Potentially most significant, Justice John Pelander, writing for the unanimous court, rebuffed Goudeau’s claim he was entitled to separate trials for the 13 different murders, rapes, robberies that occurred between August 2005 and June 2006.

Even before Goudeau was identified, the perpetrator became known as the “Baseline Rapist” and, later, the “Baseline Killer” when Phoenix police identified a string of armed sexual assaults. The reference was to the fact that the crimes started along the Baseline Road corridor in Phoenix, though they later spread.

As police began to link what appeared to be random incidents, they distributed a sketch based on descriptions from victims who had survived the attack.

What eventually led to Goudeau was DNA evidence that was already on file after his earlier convictions for assault and armed robbery. That led to his 2007 conviction for the sexual assault of two sisters and 438-year prison term.

But it took police longer to link him to the murders and other assaults.

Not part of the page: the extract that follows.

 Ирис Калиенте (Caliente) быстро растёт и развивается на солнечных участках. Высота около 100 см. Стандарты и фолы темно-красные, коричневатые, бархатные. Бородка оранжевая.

Evidence presented at that second trial in 2011 included DNA from two of the murder victims found on items seized from Goudeau’s home.

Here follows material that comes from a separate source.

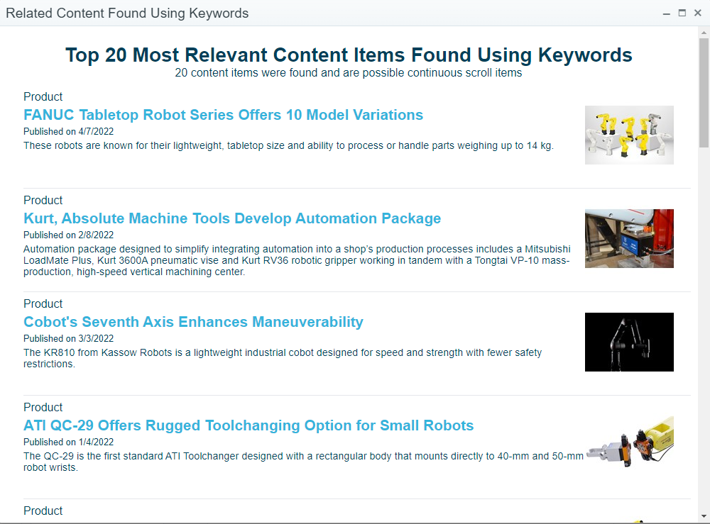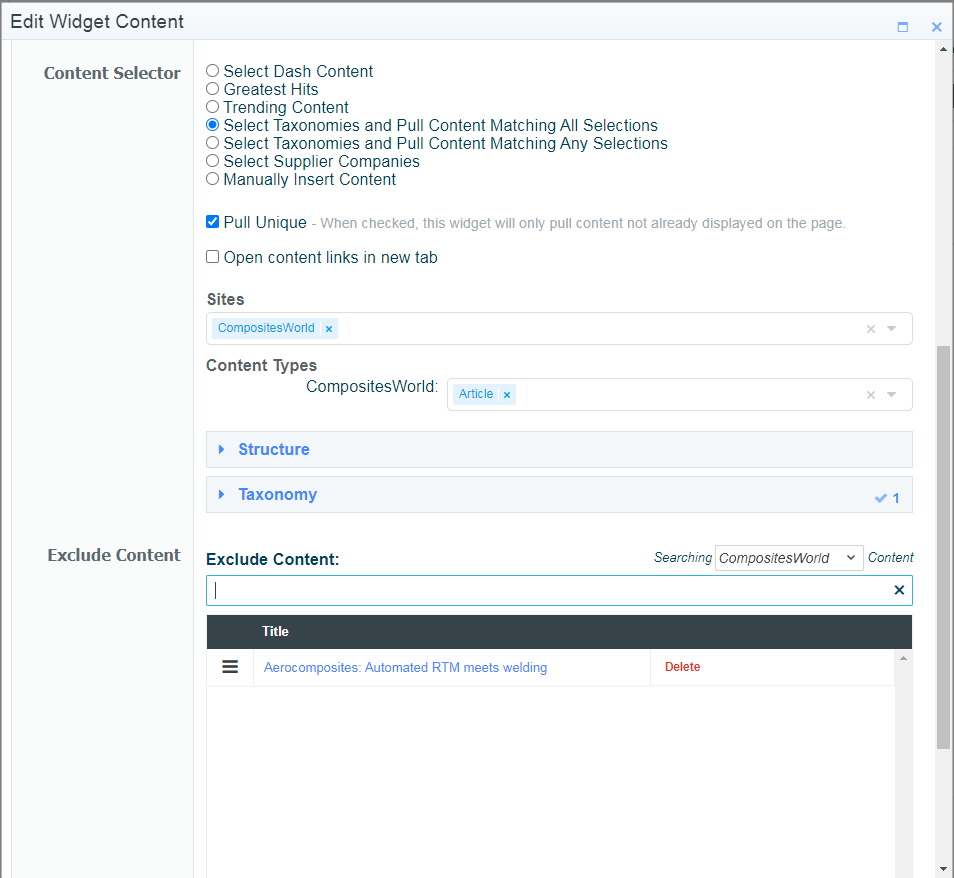 The above example is pulling all CW RTM articles, but "Aerocomposites: Automated RTM meets welding" links to the same KC so its excluded from the widget.

A ring belonging to another murder victim was found hidden in a shoe in Goudeau’s closet. And Goudeau’s DNA was found on one murder victim and several rape victims.

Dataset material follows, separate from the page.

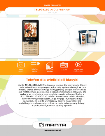 TEL92411GAVO2PREMIUM 1,5"-2,0" Telefondlawielbicieliklasyki MantaTEL92411GAVO2toidealnytelefondlawszystkich,którzy ceniąsobieklasycznąelegancjęiprostysystemobsługi.Wtym modeluwartozwrócićuwagęnawyjątkowydesign,którycieszy okometalicznympołyskiemieleganckimkształtemklawiszy.Do wyborusątrzykolorytegomodelu–wartozobaczyćkażdyz nich.TEL92411GAVO2totelefonkomórkowyzdwucalowym, kolorowymwyświetlaczem.Jegowyglądifunkcjonalność sprawiają,żejesttowymarzonypomysłnaprezentdla najbliższych,zwłaszczatych,którzyceniąsobieprostą,łatwąi szybkąobsługęorazczytelnysystem. TEL92411GAVO2PREMIUM 1,5"-2,0" Specyfikacja Funkcjetelefonu MantaTEL92411GAVO2posiada32MBpamięci flash,dziękiczemupomieściniezbędnepliki– posiadateżgniazdopamięciTFCard,dziękiczemu możnazwiększyćpamięćflashtelefonuo8GB zapewniająctymsamymmożliwość przechowywaniazdjęćczyinnych,ważnychdla użytkownikaplików. Multimedia Mimotego,żetelefonjestprostywobsłudze,nie przypominaonzwykłychtelefonówkomórkowych, gdyżposiadaowielewięcejfunkcji–między innymiumożliwiasłuchanieulubionychstacji radiowych,dziękiwbudowanemuradiuFM. Ponadtoposiadalatarkę,trybwibracjiorazbardzo pojemnąbaterię(1000mAh)dziękiktórejmodelten zapewniadługiczasużytkowanianajednym ładowaniu.Jesttoidealnyprezent,wszczególności dlastarszychosób. Waga 100g Dual-SIM Tak Bluetooth Tak Aparat Tak Gniazdokartpamięci TFCard(max.8GB) ObsługiwanepasmaGSM 850/900/1800/1900MHz RadioFM Tak Wyświetlacz 2"LCD Bateria 1000mAh Wymiary 121.4x51.2x93mm Obsługamultimediów TAK Wibracje TAK Latarka TAK Pamięć 32MB http://www.manta.com.pl/pl/tel92411g EAN:5902510605735

Seven victims identified Goudeau as their assailant; an eighth identified Goudeau’s voice from a voice lineup.

And ballistics experts testified the same .380-caliber handgun was used for all nine murders and other charged crimes where shell casings were found. The gun, however, was never located.

In appealing his conviction and sentences, Goudeau’s lawyer said jurors might have been swayed by the sheer number of charges and the mountain of evidence, finding him guilty even in cases where the evidence was weak.

Pelander, however, said the only disputed issue in the case was the identity of who committed the murders and assaults.

He said that made it relevant for jurors to have all the evidence of all of the crimes.

That included similarities among many of the crimes.

For example, Pelander wrote, the perpetrator told victims he had just committed a robbery and needed to reunite with his friend. He also wore the same disguise and wiped off evidence from rape victims and areas he had touched before leaving the crime scene.

Pelander noted that while the judge denied separate trials, the prosecution divided the case into 13 separate “chapters” corresponding to the dates of the offenses.

“The similarly of attributes and actions of the perpetrator in the different chapters (of the spree) tended to show that the offenses were also of the same or similar character,” Pelander wrote.